-- Records provided follows --

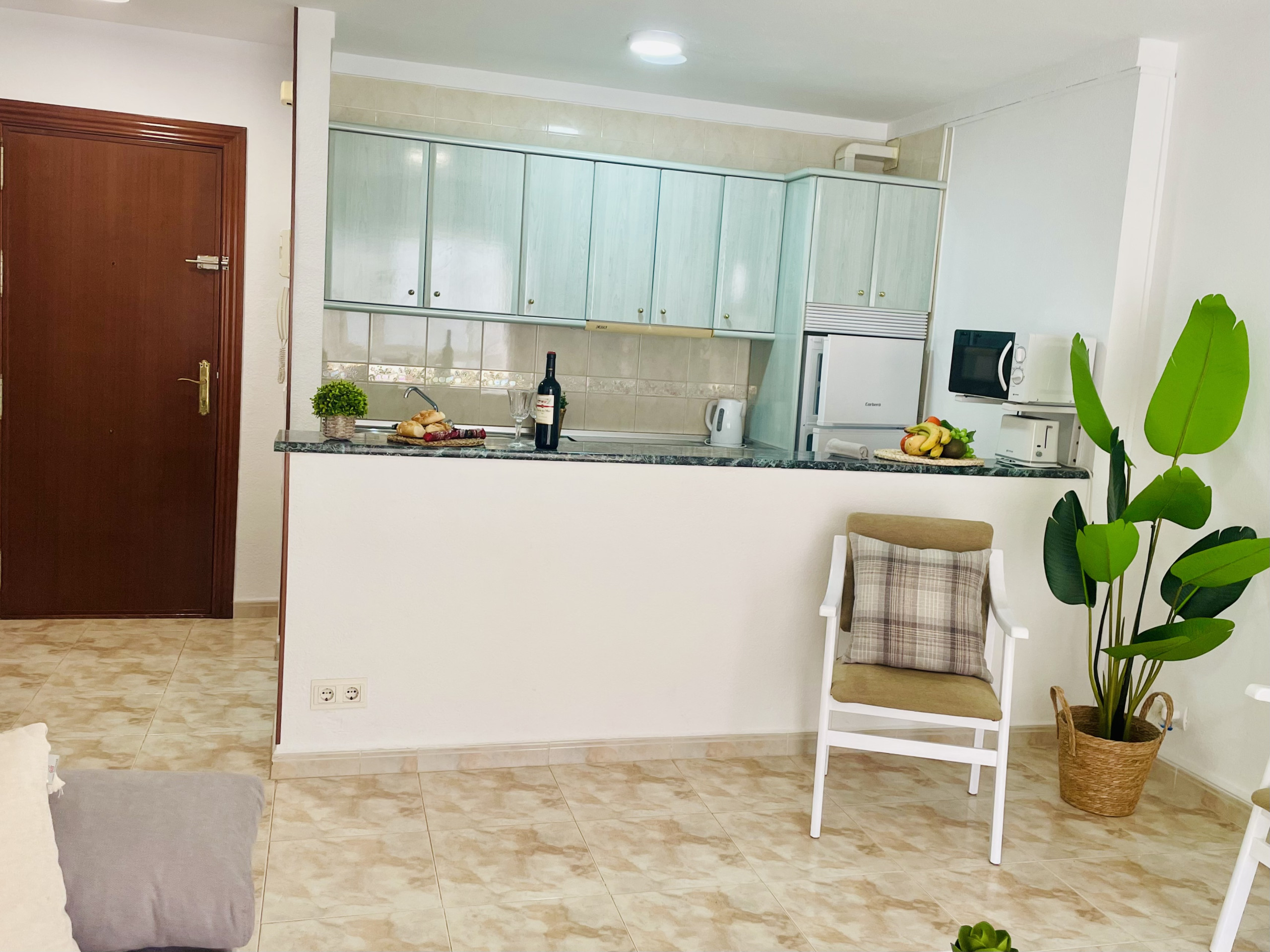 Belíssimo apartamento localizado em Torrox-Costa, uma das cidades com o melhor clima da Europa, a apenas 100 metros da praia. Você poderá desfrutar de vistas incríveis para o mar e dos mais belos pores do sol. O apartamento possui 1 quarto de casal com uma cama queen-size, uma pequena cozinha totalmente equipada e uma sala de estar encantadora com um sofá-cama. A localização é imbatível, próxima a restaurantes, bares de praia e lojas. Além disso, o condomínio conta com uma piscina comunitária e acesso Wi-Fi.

-- Records provided concluded --
-- Records provided follows --

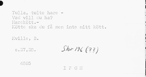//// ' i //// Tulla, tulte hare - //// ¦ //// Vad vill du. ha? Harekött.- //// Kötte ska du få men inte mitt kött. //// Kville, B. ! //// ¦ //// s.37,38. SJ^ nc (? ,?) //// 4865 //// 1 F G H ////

-- Records provided concluded --
-- Records provided follows --

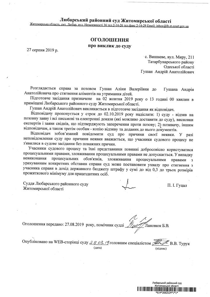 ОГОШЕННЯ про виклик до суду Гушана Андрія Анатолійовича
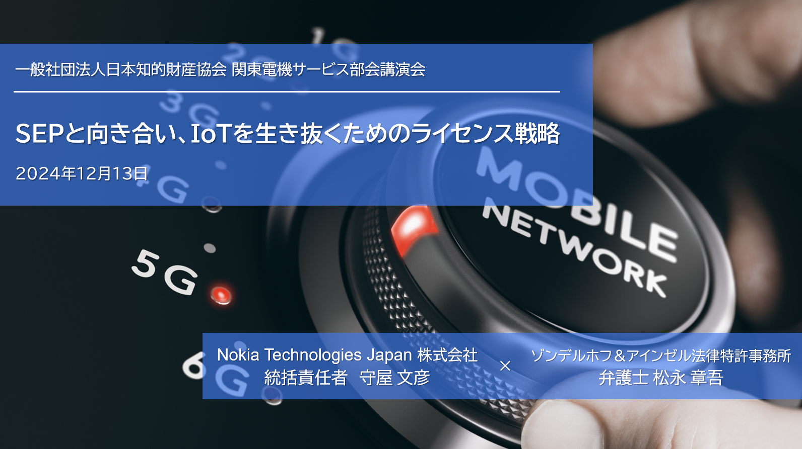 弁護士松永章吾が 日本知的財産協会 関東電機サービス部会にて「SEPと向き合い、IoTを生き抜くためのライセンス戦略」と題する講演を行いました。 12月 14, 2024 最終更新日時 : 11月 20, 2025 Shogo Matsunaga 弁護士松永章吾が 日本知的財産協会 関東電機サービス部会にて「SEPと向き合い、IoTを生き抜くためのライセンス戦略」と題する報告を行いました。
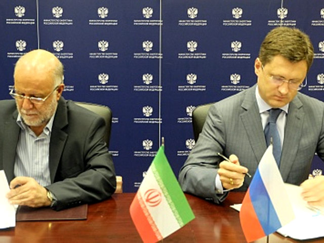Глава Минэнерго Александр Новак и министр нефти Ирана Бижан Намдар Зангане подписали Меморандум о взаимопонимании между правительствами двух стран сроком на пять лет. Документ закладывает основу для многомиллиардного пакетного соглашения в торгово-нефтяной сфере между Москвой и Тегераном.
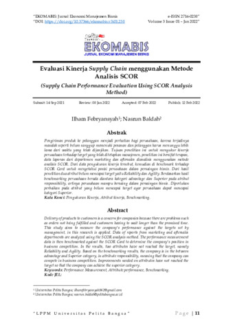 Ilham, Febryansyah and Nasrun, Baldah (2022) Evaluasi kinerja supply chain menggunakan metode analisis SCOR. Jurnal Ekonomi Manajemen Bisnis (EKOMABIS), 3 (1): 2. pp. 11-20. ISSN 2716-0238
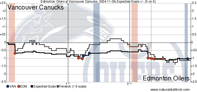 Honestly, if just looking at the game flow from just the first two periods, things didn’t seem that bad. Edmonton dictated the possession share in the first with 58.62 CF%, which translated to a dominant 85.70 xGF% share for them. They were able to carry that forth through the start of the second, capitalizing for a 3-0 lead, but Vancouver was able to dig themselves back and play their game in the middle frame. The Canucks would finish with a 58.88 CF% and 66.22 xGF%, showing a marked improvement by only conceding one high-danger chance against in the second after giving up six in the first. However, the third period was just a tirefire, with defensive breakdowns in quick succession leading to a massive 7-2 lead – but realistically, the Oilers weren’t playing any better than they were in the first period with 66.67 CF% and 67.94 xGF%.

-- Records provided concluded --

Above are the records. Copy only the lines from the one with "ОГОШЕННЯ про виклик" through the one with "12月 14, 2024", exactly, with no pictures.

 ОГОШЕННЯ про виклик до суду Гушана Андрія Анатолійовича
 弁護士松永章吾が 日本知的財産協会 関東電機サービス部会にて「SEPと向き合い、IoTを生き抜くためのライセンス戦略」と題する講演を行いました。 12月 14, 2024 最終更新日時 : 11月 20, 2025 Shogo Matsunaga 弁護士松永章吾が 日本知的財産協会 関東電機サービス部会にて「SEPと向き合い、IoTを生き抜くためのライセンス戦略」と題する報告を行いました。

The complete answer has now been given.